Some 70 kids in Bamenda have learned new ways of keeping the environment clean by recycling news paper waste in to shopping bags. The idea at the behest of the Centre for Appropriate Technology was facilitated by some three German Volunteers from the German Society for the Advancement of Culture (DGFK)- represented by Renate Perner and the Senior Expert Service SES-Germany represented by Prof. Norbert Pintsch and Marlis Bartkiewitz Schmid.


Opening the one week training workshop at the CAT head office in Bamendaon Feb. 13 -2014 the volunteers team leader Prof. Norbert Pintsch said the project was aimed at enabling children and kids to understand that they had a responsibility of keeping the environment clean at a tender age.
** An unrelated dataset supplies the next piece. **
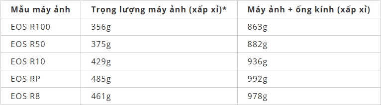 Trọng lượng của RF75-300mm f/4-5.6 với một số máy ảnh phổ biến với người mới bắt đầu

The professor attributed the task of serving the environment to a global fight which needed all hands on deck. He said kids by their nature learned through practical observations reason why they thought it wise to bring this income training to Cameroon children. Apart from helping to keep the environment clean he said the project was going to enable kids source income for some of their needs and make them self reliant. In response to the new ideas the CAT Country director Njini Victor thanked the three volunteers for keeping Cameroon at heart and for helping to build the capacities of their kids clubs on important capital issues like climate change and environmental protection. Mr Victor said such trainings and project were helping to put CAT and children in the global map as main actors in the fight against polluted environment.
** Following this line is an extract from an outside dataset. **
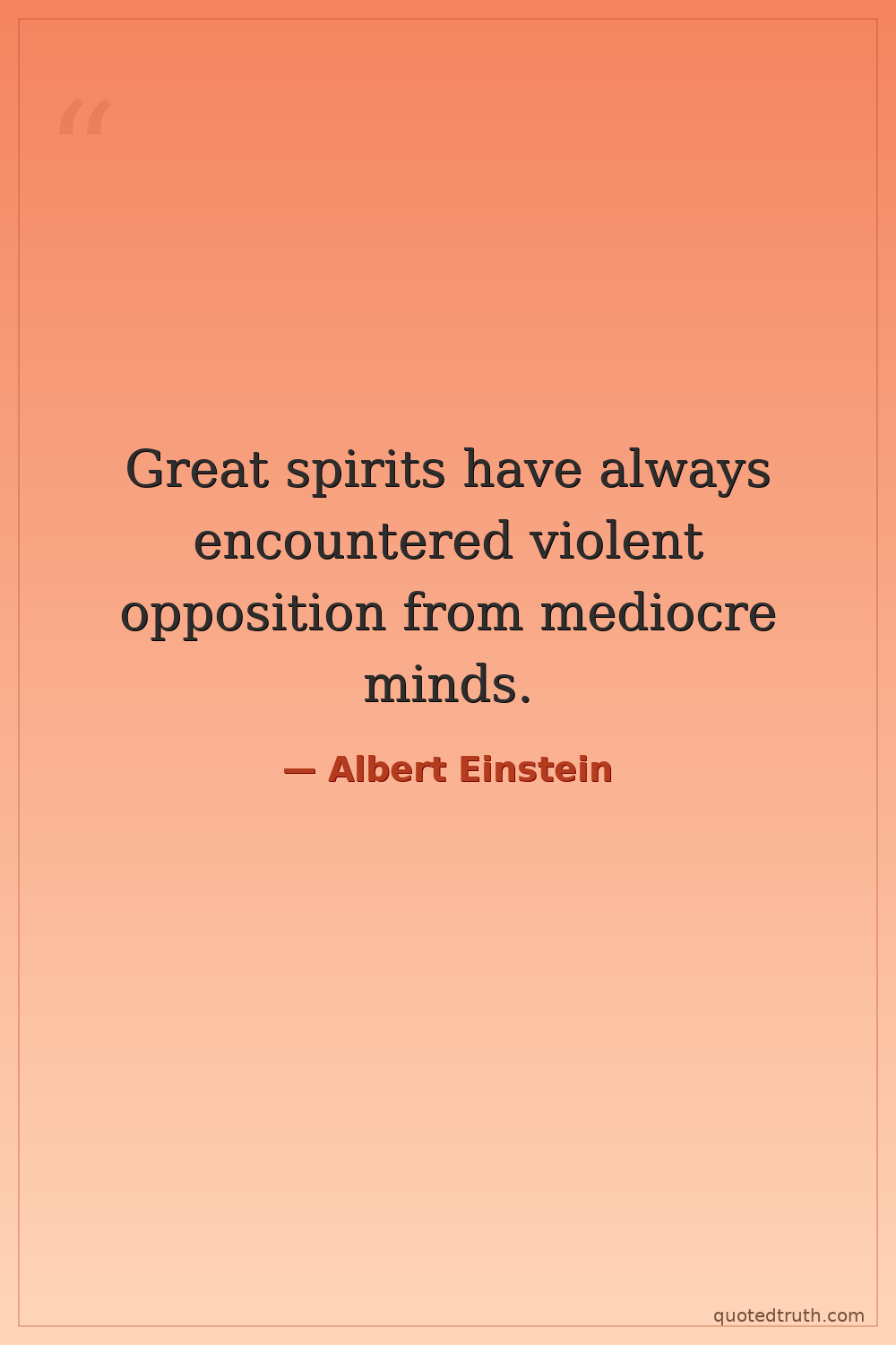 Great spirits have always encountered violent opposition from mediocre minds.

The kids drawn from within some ten CAT school clubs in the city of Bamenda enjoyed themselves during the training sessions as they overwhelmingly saw how news paper waste could be transformed in to shopping bags for an income. The children through practical demonstrations were taught why polythene papers were a nuisance to society and its disadvantages. Lecturing on the children the prof. -emphasised that because of it non degradable nature, polythene bags were a great danger to nature. He cited its impacts to pollution and some health hazards. The kids were told to inculcate the habits of proper waste disposal and to make good use of their waste news papers. In response to the training and mentoring the kids produced over 100 shopping bags which according to the Director of CAT were affordable and low cost. During the end of the workshop the kids excitedly took home their bags as souvenirs from the trainings. The bags cost in between 10-25 FCFA and can be use to carry books to shops and for local shopping. At the end of the workshop the kids were awarded certificates of merit and training as a sign of encouragement and motivation to the task of keeping the environment clean.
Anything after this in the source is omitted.